Friday, May 29, 2015

What I've been reading:

Lisa Scottoline's Every Fifteen Minutes
Every Fifteen Minutes

Dr. Eric Parrish is the Chief of the Psychiatric Unit at Havemeyer General Hospital outside of Philadelphia. Recently separated from his wife Alice, he is doing his best as a single Dad to his seven-year-old daughter Hannah. His work seems to be going better than his home life, however. His unit at the hospital has just been named number two in the country and Eric has a devoted staff of doctors and nurses who are as caring as Eric is. But when he takes on a new patient, Eric's entire world begins to crumble. Seventeen-year-old Max has a terminally ill grandmother and is having trouble handling it. That, plus his OCD and violent thoughts about a girl he likes makes Max a high risk patient. Max can't turn off the mental rituals he needs to perform every fifteen minutes that keep him calm. With the pressure mounting, Max just might reach the breaking point. When the girl is found murdered, Max is nowhere to be found. Worried about Max, Eric goes looking for him and puts himself in danger of being seen as a "person of interest" himself. Next, one of his own staff turns on him in a trumped up charge of sexual harassment. Is this chaos all random? Or is someone systematically trying to destroy Eric's life?

(thanks to Barnes and Noble)
This book was well done,it had me reading till late at night. I saw one of the twists coming but not the second one! I felt for Eric,too. I give it a solid B.


Taya Kyle's American Wife:A Memoir of Love,War, Faith and Renewal
American Wife: A Memoir of Love, War, Faith, and Renewal
The widow of “American Sniper” Chris Kyle shares their private journey, a moving and universal chronicle of love and family, service and patriotism, grief and sacrifice, faith and purpose.
How does someone carry on after the death of a hero?
By becoming a hero herself.
Though Chris and Taya Kyle’s marriage had its difficult moments, it was always a love story. Together, they’d endured military service, a bestselling book, unexpected fame, and a film deal starring a hot Hollywood actor. But just when Taya thought that she and Chris were finally going to live their dream together, her husband was murdered. In the wake of his death, a grieving Taya was left to raise her two young children and handle the many things Chris left behind: the business, the book, the movie, and a myriad of legal issues.
Matching the straightforward, soul-baring style of American Sniper, Taya talks with honesty about the trials and triumphs of her life with—and without Chris—the sleepless nights as a military spouse, the exhilaration as her husband was lionized, the quiet moments when family sheltered them from the madness of fame, the joy of discovering her own purpose in harmony with Chris’s own legacy. In American Wife, she recounts the struggles and looks toward the future, revealing the intimate story of her marriage and the inspirations that have given her strength. She speaks out on the effects of fame, both good and bad, and provides a road map for others faced with difficulties, big and small.
American Wife is a startling and affecting portrait of woman of grit and determination—an example we can all follow to become a hero in our own lives.

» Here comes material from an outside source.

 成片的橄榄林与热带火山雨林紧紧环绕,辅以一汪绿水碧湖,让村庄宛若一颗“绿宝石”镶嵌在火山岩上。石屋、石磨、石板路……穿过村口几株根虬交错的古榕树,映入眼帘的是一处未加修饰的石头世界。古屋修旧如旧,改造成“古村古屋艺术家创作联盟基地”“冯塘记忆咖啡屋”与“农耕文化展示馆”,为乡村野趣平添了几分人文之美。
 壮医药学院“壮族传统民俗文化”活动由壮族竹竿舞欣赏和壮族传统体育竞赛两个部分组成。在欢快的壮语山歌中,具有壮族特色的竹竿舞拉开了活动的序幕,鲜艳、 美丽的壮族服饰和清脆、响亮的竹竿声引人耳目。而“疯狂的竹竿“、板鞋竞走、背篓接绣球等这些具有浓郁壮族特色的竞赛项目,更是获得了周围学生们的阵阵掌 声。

(thanks to Barnes and Noble)

I really enjoyed this memoir,Taya's writing is simple yet honest and sweet. Her wisdom is powerful and uplifting. I liked reading her take on some of the situations,etc that Chris wrote about in his novel,American Sniper. I was crying a lot at the end of this book,their relationship and example was/is so honorable and raw. I give this an A.

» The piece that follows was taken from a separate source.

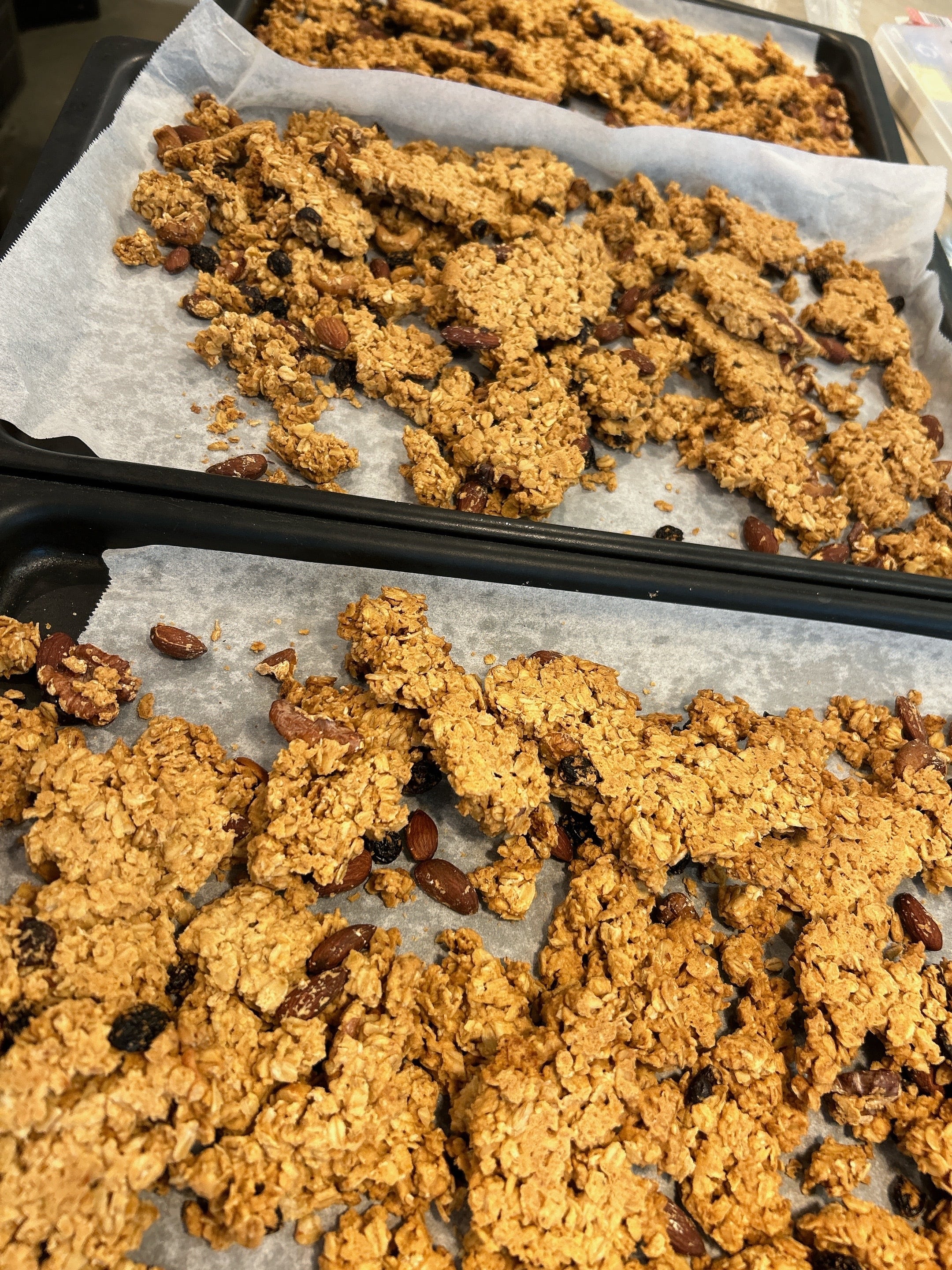 お菓子としてクッキーのようにそのままでも食べやすいように塊ができるように作っています。グルテンフリー デイリーフリー エッグフリー

Karen White's The Sound of Glass

It has been two years since the death of Merritt Heyward’s husband, Cal, when she receives unexpected news—Cal’s family home in Beaufort, South Carolina, bequeathed by Cal’s reclusive grandmother, now belongs to Merritt.
Charting the course of an uncertain life—and feeling guilt from her husband’s tragic death—Merritt travels from her home in Maine to Beaufort, where the secrets of Cal’s unspoken-of past reside among the pluff mud and jasmine of the ancestral Heyward home on the Bluff. This unknown legacy, now Merritt’s, will change and define her as she navigates her new life—a new life complicated by the arrival of her too young stepmother and ten-year-old half-brother.
Soon, in this house of strangers, Merritt is forced into unraveling the Heyward family past as she faces her own fears and finds the healing she needs in the salt air of the Low Country.

(thanks to her website)

I devoured this book,even though within 50 pages I could tell it was going to be a tear-jerker. I really liked the opposites of Merritt and Loralee. Another idyllic setting of South Carolina and a story about the power of love and women! I give this an A.